To understand what's going on here, you need to know a little bit about the memory overhead associated with objects in R. Every object, even an object with no data, has 40 bytes of data associated with it:
x0 <- numeric()
object.size(x0)
# 40 bytes
This memory is used to store the type of the object (as returned by typeof()), and other metadata needed for memory management.
After ignoring this overhead, you might expect that the memory usage of a vector is proportional to the length of the vector. Let's check that out with a couple of plots:
sizes <- sapply(0:50, function(n) object.size(seq_len(n)))
plot(c(0, 50), c(0, max(sizes)), xlab = "Length", ylab = "Bytes",
type = "n")
abline(h = 40, col = "grey80")
abline(h = 40 + 128, col = "grey80")
abline(a = 40, b = 4, col = "grey90", lwd = 4)
lines(sizes, type = "s")
It looks like memory usage is roughly proportional to the length of the vector, but there is a big discontinuity at 168 bytes and small discontinuities every few steps. The big discontinuity is because R has two storage pools for vectors: small vectors, managed by R, and big vectors, managed by the OS (This is a performance optimisation because allocating lots of small amounts of memory is expensive). Small vectors can only be 8, 16, 32, 48, 64 or 128 bytes long, which once we remove the 40 byte overhead, is exactly what we see:
sizes - 40
# [1] 0 8 8 16 16 32 32 32 32 48 48 48 48 64 64 64 64 128 128 128 128
# [22] 128 128 128 128 128 128 128 128 128 128 128 128 136 136 144 144 152 152 160 160 168
# [43] 168 176 176 184 184 192 192 200 200
The step from 64 to 128 causes the big step, then once we've crossed into the big vector pool, vectors are allocated in chunks of 8 bytes (memory comes in units of a certain size, and R can't ask for half a unit):
# diff(sizes)
# [1] 8 0 8 0 16 0 0 0 16 0 0 0 16 0 0 0 64 0 0 0 0 0 0 0 0 0 0 0
# [29] 0 0 0 0 8 0 8 0 8 0 8 0 8 0 8 0 8 0 8 0 8 0
So how does this behaviour correspond to what you see with matrices?

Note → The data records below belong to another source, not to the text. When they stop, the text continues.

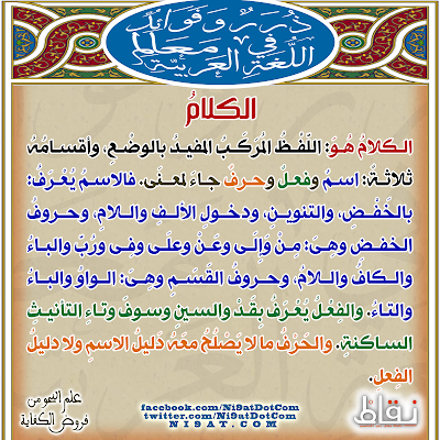 (الكلامُ هو اللَّفْظُ المُرَكّبُ المفيدُ بالوضعِ ) يعني أن الكلام عند النحويين هو اللفظ إلى ءاخره، فاللفظ هو الصوت المشتمل على بعض الحروف الهجائية كزيد، فإنه صوت اشتمل على الزاي والياء والدال، فإن لم يشتمل على بعض الحروف كصوت الطبل فلا يسمى لفظاً، فخرج باللفظ ما كان مفيدا ولم يكن لفظا كالإشارة والكتابة والعَقْد والنُّصُب فلا تسمى كلاما عند النحاة. والمركب ما تركب من كلمتين فأكثر،كقام زيد وزيد قائم، والمثال الأول فعل وفاعل وكل فاعل مرفوع، والمثال الثاني مبتدأ وخبر وكل مبتدإ مرفوع بالإبتداء وكل خبر مرفوع بالمبتدإ، وخرج بالمركب المفرد كزيد فلا يقال له كلام أيضا عند النحاة .
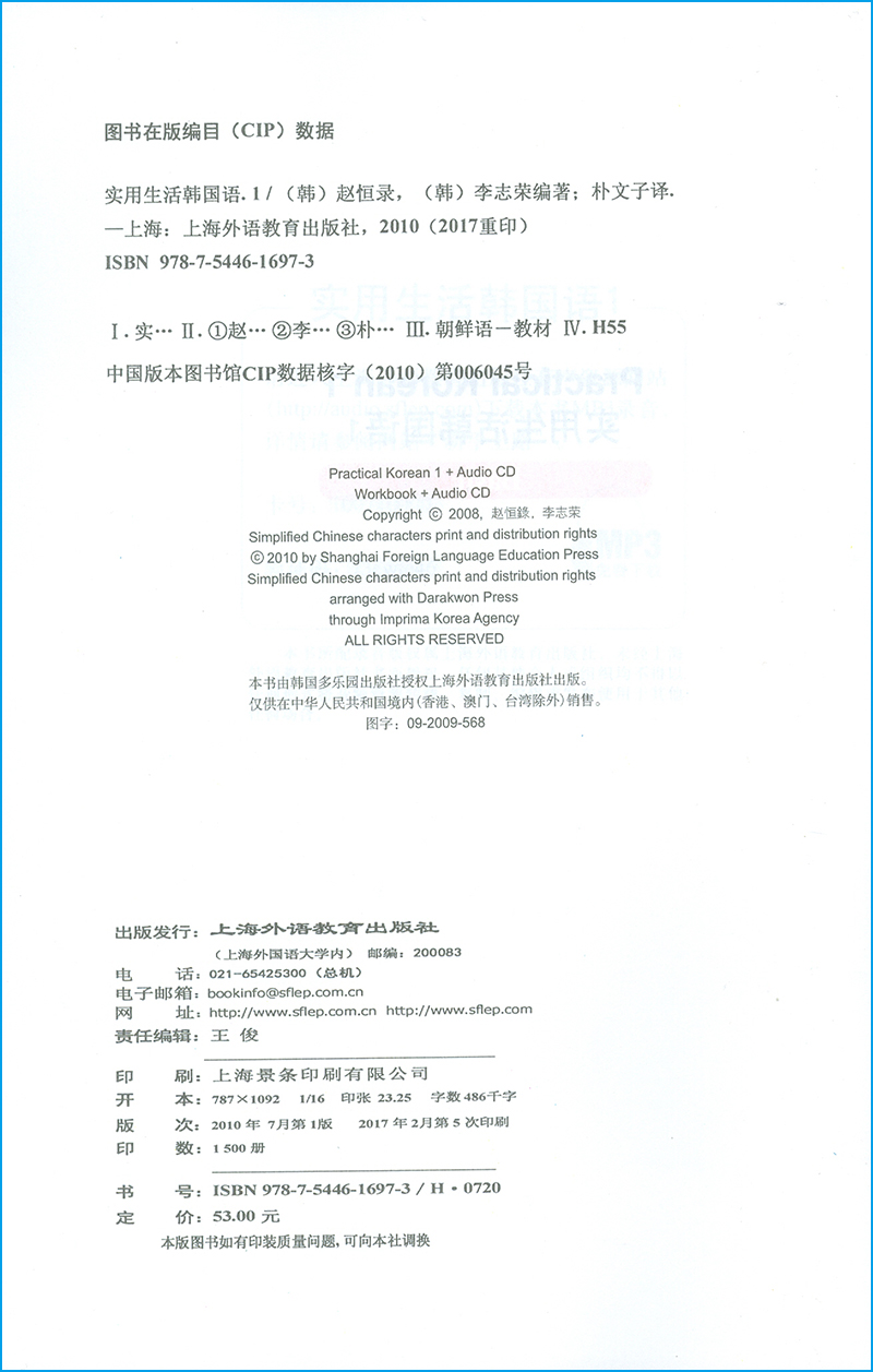 社 实用生活韩国语1第一册 上海外语教育出版 李志荣编著韩语自学入门教材韩国语日常生活交际自学教材书籍 9787544616973 赵恒录
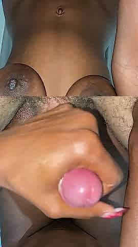 AFRO ANGEL GIVES TUGJOB WITH COCONUT OIL *LARGE BAZOOKAS*LARGE SPUNK FOUNTAIN
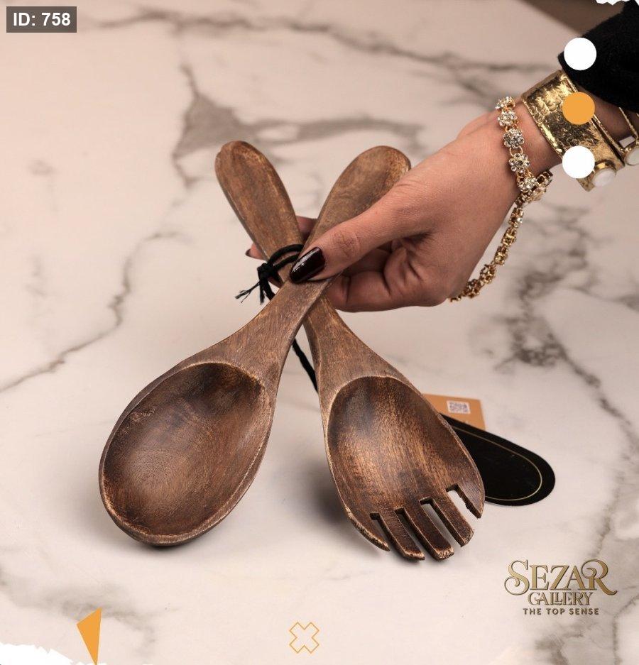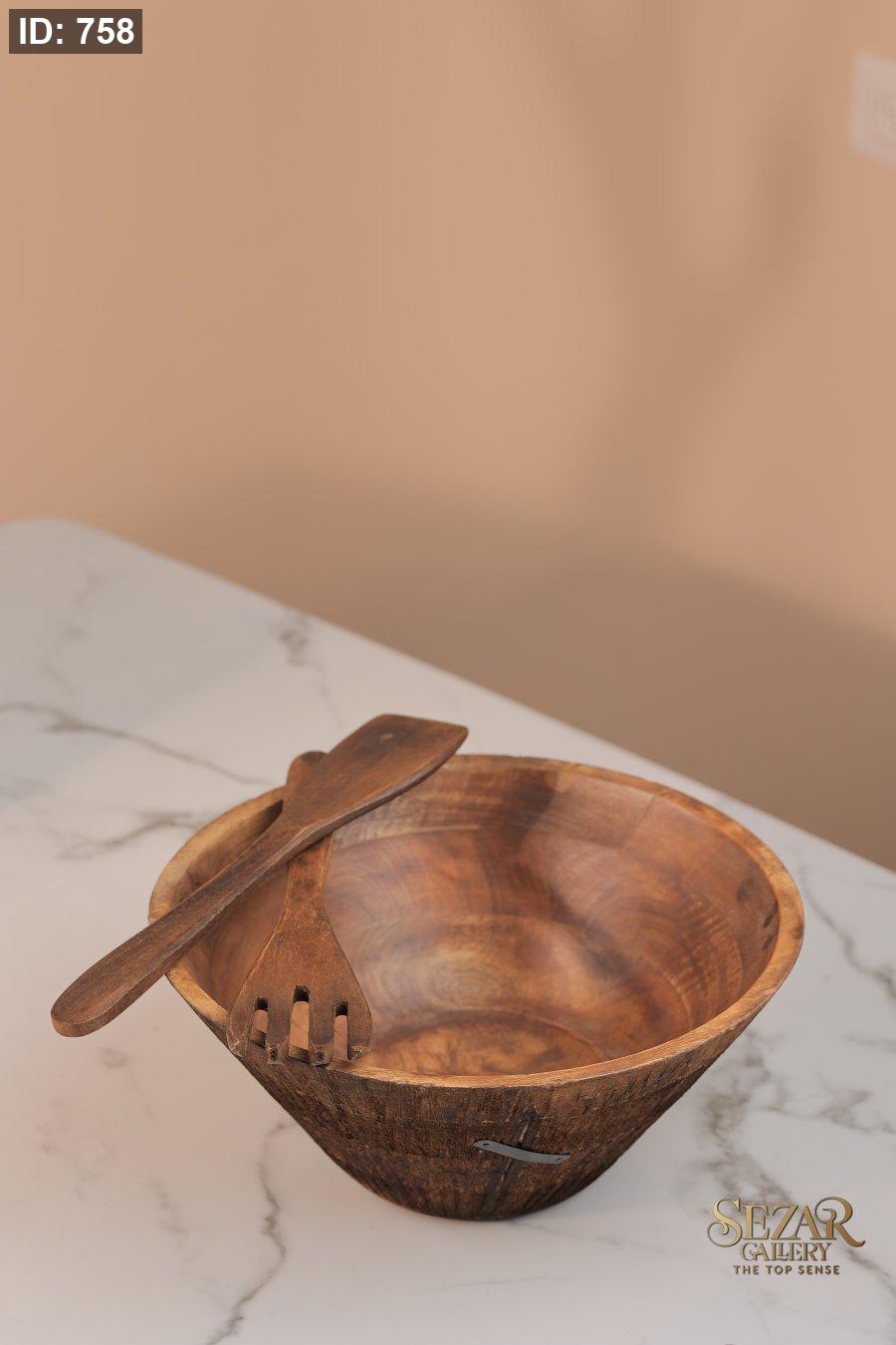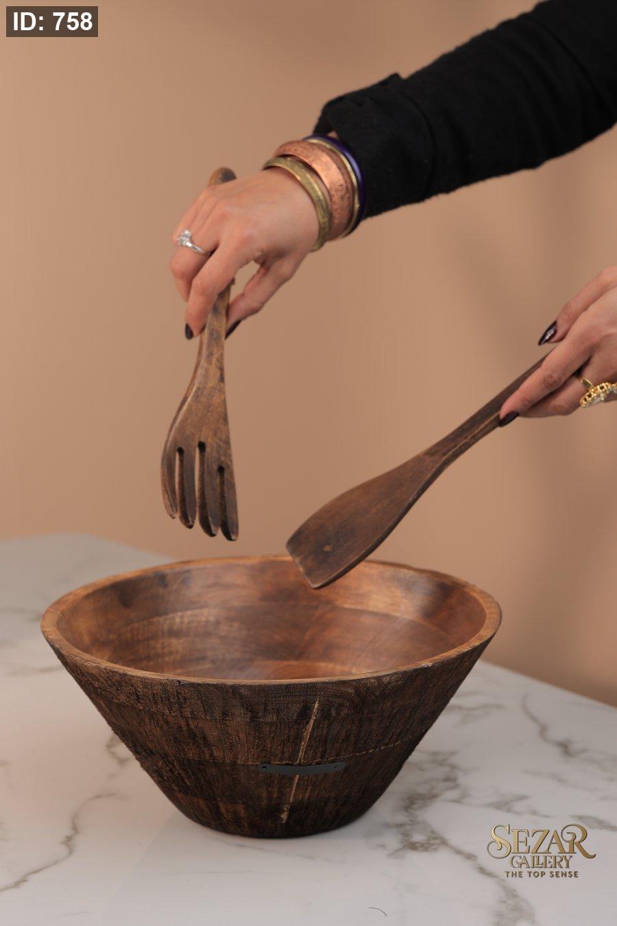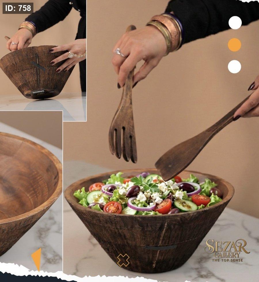 طقم جاط سلطة مع مغرفتين من خشب المانجا

Well, first we need to look at the overhead associated with a matrix:
xv <- numeric()
xm <- matrix(xv)
object.size(xm)
# 200 bytes
object.size(xm) - object.size(xv)
# 160 bytes
So a matrix needs an extra 160 bytes of storage compared to a vector. Why 160 bytes? It's because a matrix has a dim attribute containing two integers, and attributes are stored in a pairlist (an older version of list()):
object.size(pairlist(dims = c(1L, 1L)))
# 160 bytes
If we re-draw the previous plot using matrices instead of vectors, and increase all constants on the y-axis by 160, you can see the discontinuity corresponds exactly to the jump from the small vector pool to the big vector pool:
msizes <- sapply(0:50, function(n) object.size(as.matrix(seq_len(n))))
plot(c(0, 50), c(160, max(msizes)), xlab = "Length", ylab = "Bytes",
type = "n")
abline(h = 40 + 160, col = "grey80")
abline(h = 40 + 160 + 128, col = "grey80")
abline(a = 40 + 160, b = 4, col = "grey90", lwd = 4)
lines(msizes, type = "s")

This seems to only happen for a very specific range of columns on the small end. Looking at matrices with 1-100 columns I see the following:
I do not see any other plateaus, even if I increase the number of columns to say, 10000:
Intrigued, I've looked at bit further, putting your code in a function:
sizes <- function(nrow, ncol) {
size=matrix(1:ncol,ncol,2)
for (i in c(1:ncol)){
m = matrix(1,nrow, i)
size[i,2]=object.size(m)
}
plot(size[,1], size[,2])
size
}
Interestingly, we still see this plateau and straight line in low numbers if we increase the number of rows, with the plateau shrinking and moving backwards, before finally adjusting to a straight line by the time we hit nrow=8:
Indicating that this happens for a very specific range for the number of cells in a matrix; 9-16.
Memory Allocation
As #Hadley pointed out in his comment, there is a similar thread on memory allocation of vectors. Which comes up with the formula: 40 + 8 * floor(n / 2) for numeric vectors of size n.
For matrices the overhead is slightly different, and the stepping relationship doesn't hold (as seen in my plots). Instead I have come up with the formula 208 + 8 * n bytes where n is the number of cells in the matrix (nrow * ncol), except where n is between 9 and 16:
Matrix size - 208 bytes for "double" matrices, 1 row, 1-20 columns:
> sapply(1:20, function(x) { object.size(matrix(1, 1, x)) })-208
[1] 0 8 24 24 40 40 56 56 120 120 120 120 120 120 120 120 128 136 144
[20] 152
HOWEVER. If we change the type of the matrix to Integer or Logical, we do see the stepwise behaviour in memory allocation described in the thread above:
Matrix size - 208 bytes for "integer" matrices 1 row, 1-20 columns:
> sapply(1:20, function(x) { object.size(matrix(1L, 1, x)) })-208
[1] 0 0 8 8 24 24 24 24 40 40 40 40 56 56 56 56 120 120 120
[20] 120
Similarly for "logical" matrices:
> sapply(1:20, function(x) { object.size(matrix(1L, 1, x)) })-208
[1] 0 0 8 8 24 24 24 24 40 40 40 40 56 56 56 56 120 120 120
[20] 120
It is surprising that we do not see the same behaviour with a matrix of type double, as it is just a "numeric" vector with a dim attribute attached (R lang specification).
The big step we see in memory allocation comes from R having two memory pools, one for small vectors and one for Large vectors, and that happens to be where the jump is made. Hadley Wickham explains this in detail in his response.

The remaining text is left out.